It's been at least 5 years since I worked with Java, and back then, any time you wanted to allocate an object that needed cleaning up (e.g. sockets, DB handles), you had to remember to add a finally
block and call the cleanup method in there.
By contrast, in C++ (or other languages where object lifetimes are deterministic, e.g. Perl), the class implementor would define a destructor function that performs the cleanup whenever an object of that class goes out of scope. The advantage of this approach is that the user of the object can't forget to clean it up -- the destructor gets called automatically, even if an exception is thrown. This approach goes by the fairly awful name of RAII -- "Resource Acquisition Is Initialisation".
It's been my experience that doing things "the RAII way" has saved me a lot of mental overhead in terms of not having to worry about whether and when resource deallocations occur. We are considering using Java for a medium-sized project, and I'm wondering if some sort of deterministic destruction is among the many new features added to the language since I last looked at it. (I'm hopeful as my complaint that "Java has no RAII" was rebuked on this thread, but so far I haven't been able to find any details by googling.)
So if someone could point me to some introductory material on how to go about this in Java that would be great!
Nope. There is no facility for allocating Objects on the stack. Every Object is allocated on the heap and can outlive whatever block it was initialized in. Or it may be collected mid-block, depending on the vagaries of the all mighty Garbage Collector.
If you're working on the server, you might want to check out Java EE. It has nothing to do with RAII, but it does have a decent system for managing the life cycles of expensive objects like DB connections. Java EE 5 is actually pretty nice to work with for a lot of problem spaces.
The approach I take is to use a layered product (sometime a simple static method) which takes care of the resource allocation. You don't want this sort of resource allocation littering your program.
There are plenty of libraries which do this. It not something you should have to worry about in most cases.
There is a pattern that helps here.

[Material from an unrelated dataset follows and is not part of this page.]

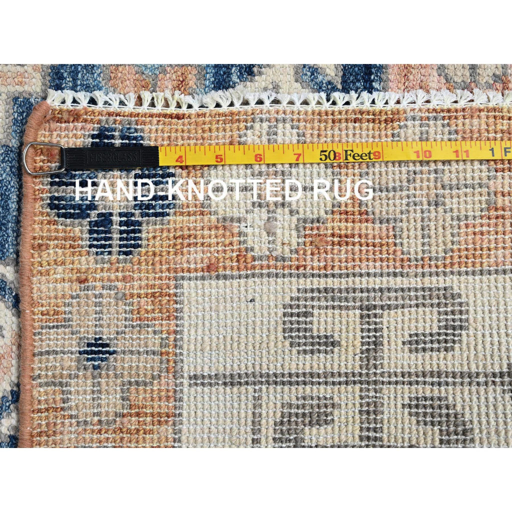 4'10"x6'9" Peach Color With Imperial Blue, Turkish Knot, Zero Pile, Sheared Low, Anatolian Village Design, Hand Knotted, Pure Wool, Oriental Rug FWR12654

It's not as nice as destructor based RAII but it does mean that the resource clean-up can be moved to the library (so you can't forget to call it).

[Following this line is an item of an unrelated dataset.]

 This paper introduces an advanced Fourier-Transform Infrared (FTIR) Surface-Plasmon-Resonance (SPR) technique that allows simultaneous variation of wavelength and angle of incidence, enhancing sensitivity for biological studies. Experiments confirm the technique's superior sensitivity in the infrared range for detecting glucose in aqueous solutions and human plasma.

It's called Execute Around, and has been discussed here before.
Interestingly I see Jon Skeet chimed in on that thread, but he didn't mention it here - shame on you Jon - missed an opportunity for some rep points there!
BTW, while I'm glad Brian Harry (see Jon's comment, again) went to the lengths of writing the email that he did - and it obviously did reflect a lot of thought that went into the process - and I'm glad we did get "using" out of it in C# - I don't agree with all his conclusions. In particular, I don't see why, if we can have using, we can't have a way to mark a type as behaving that way without "using". Of course it constrains the usage - but so does "using" - and most of the time it's exactly what you want. The trouble with "using" is that the client code still has to remember to use it. With C++ style RAII it's a property of the type. An arguably bigger problem with "using", or more accurately with the Dispose idiom, is that it's a lot more complicated and error prone than most people realise to get right - mostly because of the potential for objects to be brought back from the dead.
EDIT: The answer below was written in early 2009, when Java 7 was very much still in flux.
While Java still doesn't provide guarantees around finalization timing, it did gain a feature like C#'s
using
statement: the try-with-resources statement.No, Java hasn't changed at all in that respect. You still need to use try/finally.
There's been discussion of adding the equivalent of C#'s "using" statement (which is syntactic sugar over try/finally) to Java, but I don't think that's going to be part of Java 7 any more. (Most of the language improvements seem to have been dropped.)
It's worth understanding that there are reasons why deterministic destruction hasn't been implemented in Java and .NET in the form of a reference-counted garbage collector, by the way - that a) impacts performance and b) fails with circular references. Brian Harry wrote a detailed email about this - it's about .NET and it's rather old, but it's well worth a close read.